Посидев для вида еще немного, я не торопясь отправилась вслед за ним.

На этот раз он не стал переходить на другой берег. Остановившись там, где я с утра расстилала полотенце, он положил удочки и несколько минут кружил на одном месте, как будто что-то искал. Наверное, ту самую бумажку. Потом огорченно махнул рукой, поднял удочки и подошел к воде. Ну-ну, сейчас я его обрадую.

Он сидел ко мне спиной на травянистом пятачке, закинув свои удочки и углубившись в газету.

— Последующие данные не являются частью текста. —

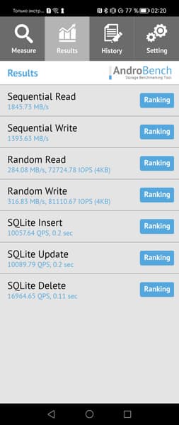 Результаты теста AndroBench на скорость работы с памятью:

Полюбовавшись видом сине-зеленой речной глади, я легкими шагами подошла к брюнету сзади, остановилась и осторожно тронула его за плечо. Он быстро обернулся и вопросительно взглянул на меня. Я очаровательно улыбнулась и протянула ему сложенную пополам бумажку:

— Простите, это не вы утром потеряли?

Он взял записку, развернул ее, просмотрел и уставился на меня с выражением лица, которое вполне можно было определить как тихий ужас. Я даже обиделась — что это он? Я на Квазимодо не похожа, не горбатая, не одноглазая, усов нету, из носу вроде не течет… Моя рекламная улыбка сама собой угасла, и тут он резко спросил:

— Откуда это у вас?

Тон его был настолько далек от благодарного, что я вздернула брови, задрала нос и сухо сказала:

— Вы уронили это утром мне на… лицо, когда я загорала. Простите, я, кажется, мешаю вашим занятиям?

С этими словами я повернулась, чтобы уйти прочь от этого грубияна. Даже «спасибо» не сказал! Но тут грубиян вскочил на ноги и за неуловимую долю секунды изменил манеру поведения. Серые глаза его вдруг засияли такой радостью, что она даже показалась мне преувеличенной.

— Ох, простите меня, дурака, ради Бога! И огромное вам спасибо. Дело в том, что это очень важная для меня записка. Я уже отчаялся ее отыскать, и тут вы… и тут мне ее возвращает прекрасная женщина. Еще раз, еще тысячу раз спасибо и простите, пожалуйста!

Он прижимал руки к груди и умоляюще смотрел на меня. Я несколько оттаяла.

— Извинения принимаются, — сказала я.

— А благодарность? — живо спросил он.

— И благодарность.

— Меня зовут Вадим. — И он протянул мне руку.

Я подала свою, и Вадим ее не пожал, а поцеловал, чего я даже не ожидала.

— Людмила. — Я окончательно простила ему невольную резкость, и он это почувствовал, но для верности переспросил:

— Людочка, так вы правда больше не сердитесь?

— Правда.

— Так позвольте мне выразить вам благодарность не только в словесной форме.

— В какой же еще форме ее можно выразить? — засмеялась я.

— Вечером узнаете, — таинственно пообещал он. — Я удаляюсь, а вы ждите приятного сюрприза.

Он быстро собрал свои снасти, поклонился мне, как мушкетер, надел на голову воображаемую шляпу с перьями и поспешно зашагал к корпусу.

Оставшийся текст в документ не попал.